The following program compiles and links.
No warnings The output is wrong, stating:
value= 1
value NOT 1

//////////////////////////////////////////////
#include <iostream>
using namespace std;

static constexpr int value = 1;

int main( int argc, char* argv[] )
{
cout << "value= "
<< value
<< endl;

static_assert( value == 1, "Value_Not_1" );

#if value == 1
cout << "value 1" << endl;
#else
cout << "value NOT 1" << endl;
#endif

return 0;
}// main
/////////////////////////////////////////////////

Why is value not used in the conditional compilation?
(The static_assert is happy.)

Because the conditional part is handled by the preprocessor, not the
compiler. The symbol "value" is unknown to the preprocessor so the first
condition isn't compiled.

To be more exact: when evaluating a preprocessor expression,
symbols which are unknown to the preprocessor are replaced with
0.

 

[Öö Tiib]

I think that was a horrible idea from the people who first designed
the C preprocessor.
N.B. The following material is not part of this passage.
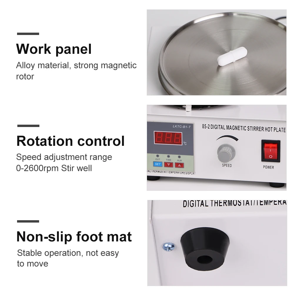 Agitador magnético de calefacción de 1L 85-2 Mezclador magnético de placa calefactora 2600RPM Máquina mezcladora de laboratorio con barra agitadora para investigación científica

But I suppose it's too late to change it now.

Why? C++ is hopefully going there. First was that dual meaning of
'const' to get rid of #define constants. That 'const' was fortunately
fixed by 'constexpr'. 'constexpr' also fixed the remaining issues of
using inlines instead of macros. Now what is missing is some replacement
to #include (like modules). Also better debugging support (to replace
those __LINE__ and __FILE__).

 

[Ian Collins]

What do you mean why? How exactly is it a good thing that unknown
symbols are replaced with 0 instead of giving an error message?

Lots of system headers rely on this behaviour. Whether this is a good
think or not is open for debate, but it does make sense for checks to
return false if the value is undefined. I guess checks for __cplusplus
being greater than some version in a header shared by C and C++ would be
one example.

 

[Ian Collins]

I prefer to enable the gcc "-Wundef" warning in all my code - this turns
pre-processor references to undefined macros into warnings rather than
0. gcc disables such warnings for system headers (unless you ask it not
to), so it doesn't affect them - and it helps catch bugs in your own
code. It's not hard to use "#ifdef XXX" rather than "#if XXX" for
symbols that might be undefined.

Or as C++ programmers, not to use the preprocessor at all! You can't
use #if for a comparison and comparisons often occur in a complex
expression so not defined = 0 makes sense.

 

[Ian Collins]

Perhaps I am misunderstanding you, but you certainly /can/ use "#if" for
comparisons:

Sorry, I should have written "You can't use #ifdef for a comparison".

 

[Ian Collins]

"Ian Collins" wrote in message news:[email protected]...

But you can use
#if defined(value) && value == 0

You missed my earlier point that comparisons often occur in a complex
expression, so this isn't convenient.

By way of an example, from stdio.h on my box:

/*
* The following are known to POSIX.1c, but not to ANSI-C or XOPEN.
*/
#if defined(__EXTENSIONS__) || defined(_REENTRANT) || \
(_POSIX_C_SOURCE - 0 >= 199506L)

 

[Öö Tiib]

What do you mean why? How exactly is it a good thing that unknown
symbols are replaced with 0 instead of giving an error message?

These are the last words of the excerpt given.